Exercise material:
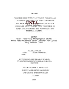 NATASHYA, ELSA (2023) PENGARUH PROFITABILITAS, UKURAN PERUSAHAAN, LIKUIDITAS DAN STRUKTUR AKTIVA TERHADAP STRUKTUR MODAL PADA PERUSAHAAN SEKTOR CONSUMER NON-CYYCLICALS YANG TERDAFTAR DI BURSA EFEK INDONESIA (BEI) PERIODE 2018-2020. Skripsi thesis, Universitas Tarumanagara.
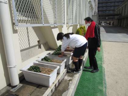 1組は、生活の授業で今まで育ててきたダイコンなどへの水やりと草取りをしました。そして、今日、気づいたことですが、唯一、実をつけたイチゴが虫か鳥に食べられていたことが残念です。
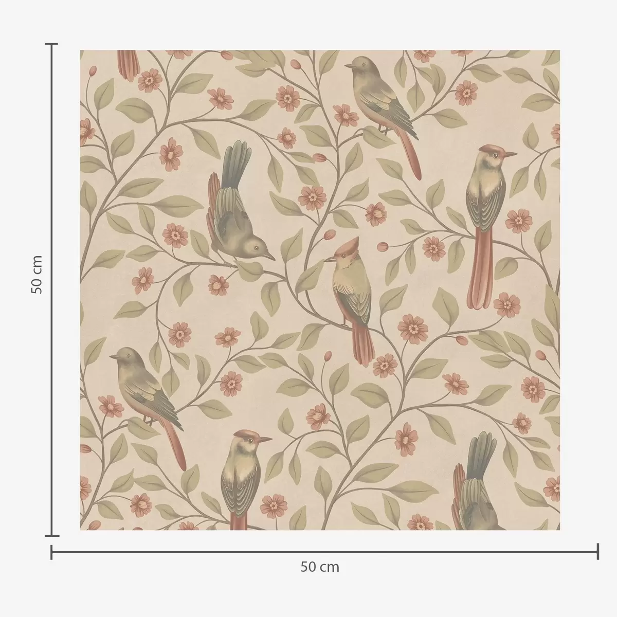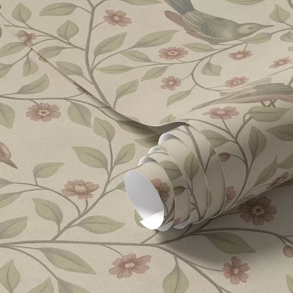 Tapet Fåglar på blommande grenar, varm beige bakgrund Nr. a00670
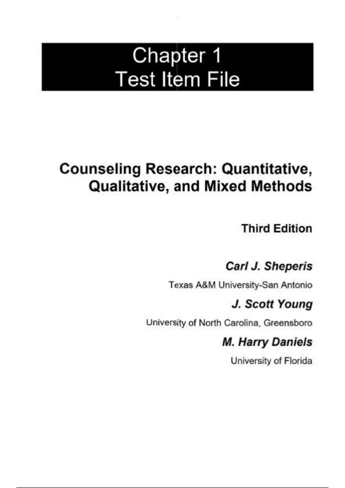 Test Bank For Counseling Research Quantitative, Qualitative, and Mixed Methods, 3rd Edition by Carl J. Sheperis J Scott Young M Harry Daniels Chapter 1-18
--
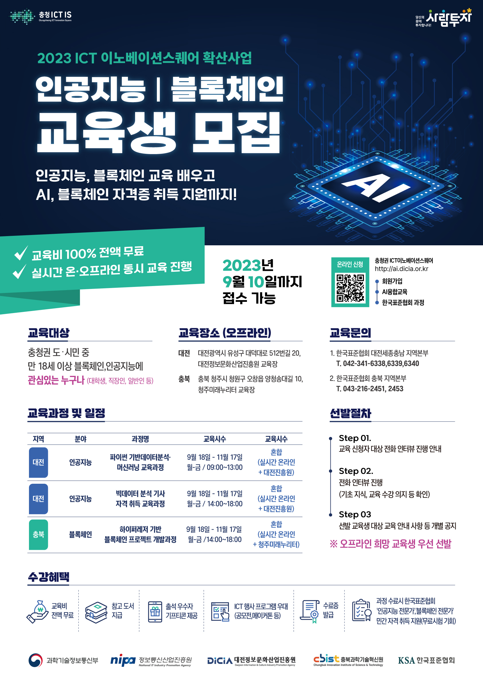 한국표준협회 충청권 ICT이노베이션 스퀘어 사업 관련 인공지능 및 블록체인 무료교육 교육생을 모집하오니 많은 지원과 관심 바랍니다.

Description of the task: Look back at the data above, then output exactly the lines from the line holding "NATASHYA, ELSA (2023)" up to and including the line holding "Test Bank For". Leave out the pictures.

Result of this task:
 NATASHYA, ELSA (2023) PENGARUH PROFITABILITAS, UKURAN PERUSAHAAN, LIKUIDITAS DAN STRUKTUR AKTIVA TERHADAP STRUKTUR MODAL PADA PERUSAHAAN SEKTOR CONSUMER NON-CYYCLICALS YANG TERDAFTAR DI BURSA EFEK INDONESIA (BEI) PERIODE 2018-2020. Skripsi thesis, Universitas Tarumanagara.
 1組は、生活の授業で今まで育ててきたダイコンなどへの水やりと草取りをしました。そして、今日、気づいたことですが、唯一、実をつけたイチゴが虫か鳥に食べられていたことが残念です。
 Tapet Fåglar på blommande grenar, varm beige bakgrund Nr. a00670
 Test Bank For Counseling Research Quantitative, Qualitative, and Mixed Methods, 3rd Edition by Carl J. Sheperis J Scott Young M Harry Daniels Chapter 1-18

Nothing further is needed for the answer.